> [YOUR OBJECTIVE] Transcribe the whole listing precisely, leaving nothing out.

> [PROVIDED RECORDS]
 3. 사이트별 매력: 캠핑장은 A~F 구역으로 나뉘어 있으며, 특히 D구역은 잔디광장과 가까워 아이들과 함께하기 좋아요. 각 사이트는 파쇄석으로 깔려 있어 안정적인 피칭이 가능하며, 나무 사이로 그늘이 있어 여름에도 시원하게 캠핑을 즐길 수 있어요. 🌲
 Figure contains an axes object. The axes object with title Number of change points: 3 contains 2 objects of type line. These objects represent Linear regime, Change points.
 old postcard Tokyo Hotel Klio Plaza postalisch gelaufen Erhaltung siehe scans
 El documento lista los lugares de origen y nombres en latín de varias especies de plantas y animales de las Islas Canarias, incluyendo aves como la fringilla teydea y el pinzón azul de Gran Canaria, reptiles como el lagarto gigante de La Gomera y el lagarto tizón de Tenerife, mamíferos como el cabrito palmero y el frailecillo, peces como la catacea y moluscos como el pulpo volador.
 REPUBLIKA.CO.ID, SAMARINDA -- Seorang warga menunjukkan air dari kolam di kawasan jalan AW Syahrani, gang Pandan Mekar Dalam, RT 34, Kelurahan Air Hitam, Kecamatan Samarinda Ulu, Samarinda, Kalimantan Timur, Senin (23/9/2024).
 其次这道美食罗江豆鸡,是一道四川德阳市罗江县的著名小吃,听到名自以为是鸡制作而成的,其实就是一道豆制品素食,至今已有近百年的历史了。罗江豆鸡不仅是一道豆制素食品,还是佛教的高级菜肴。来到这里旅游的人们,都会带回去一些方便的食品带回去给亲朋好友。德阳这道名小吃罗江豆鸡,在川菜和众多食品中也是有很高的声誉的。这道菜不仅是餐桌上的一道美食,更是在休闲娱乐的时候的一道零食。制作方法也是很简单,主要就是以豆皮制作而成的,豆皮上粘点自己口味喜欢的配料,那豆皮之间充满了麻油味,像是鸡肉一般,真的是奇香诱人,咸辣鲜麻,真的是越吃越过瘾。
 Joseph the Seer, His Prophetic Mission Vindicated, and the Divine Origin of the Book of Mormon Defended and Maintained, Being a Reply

> [RESULT]
 3. 사이트별 매력: 캠핑장은 A~F 구역으로 나뉘어 있으며, 특히 D구역은 잔디광장과 가까워 아이들과 함께하기 좋아요. 각 사이트는 파쇄석으로 깔려 있어 안정적인 피칭이 가능하며, 나무 사이로 그늘이 있어 여름에도 시원하게 캠핑을 즐길 수 있어요. 🌲
 Figure contains an axes object. The axes object with title Number of change points: 3 contains 2 objects of type line. These objects represent Linear regime, Change points.
 old postcard Tokyo Hotel Klio Plaza postalisch gelaufen Erhaltung siehe scans
 El documento lista los lugares de origen y nombres en latín de varias especies de plantas y animales de las Islas Canarias, incluyendo aves como la fringilla teydea y el pinzón azul de Gran Canaria, reptiles como el lagarto gigante de La Gomera y el lagarto tizón de Tenerife, mamíferos como el cabrito palmero y el frailecillo, peces como la catacea y moluscos como el pulpo volador.
 REPUBLIKA.CO.ID, SAMARINDA -- Seorang warga menunjukkan air dari kolam di kawasan jalan AW Syahrani, gang Pandan Mekar Dalam, RT 34, Kelurahan Air Hitam, Kecamatan Samarinda Ulu, Samarinda, Kalimantan Timur, Senin (23/9/2024).
 其次这道美食罗江豆鸡,是一道四川德阳市罗江县的著名小吃,听到名自以为是鸡制作而成的,其实就是一道豆制品素食,至今已有近百年的历史了。罗江豆鸡不仅是一道豆制素食品,还是佛教的高级菜肴。来到这里旅游的人们,都会带回去一些方便的食品带回去给亲朋好友。德阳这道名小吃罗江豆鸡,在川菜和众多食品中也是有很高的声誉的。这道菜不仅是餐桌上的一道美食,更是在休闲娱乐的时候的一道零食。制作方法也是很简单,主要就是以豆皮制作而成的,豆皮上粘点自己口味喜欢的配料,那豆皮之间充满了麻油味,像是鸡肉一般,真的是奇香诱人,咸辣鲜麻,真的是越吃越过瘾。
 Joseph the Seer, His Prophetic Mission Vindicated, and the Divine Origin of the Book of Mormon Defended and Maintained, Being a Reply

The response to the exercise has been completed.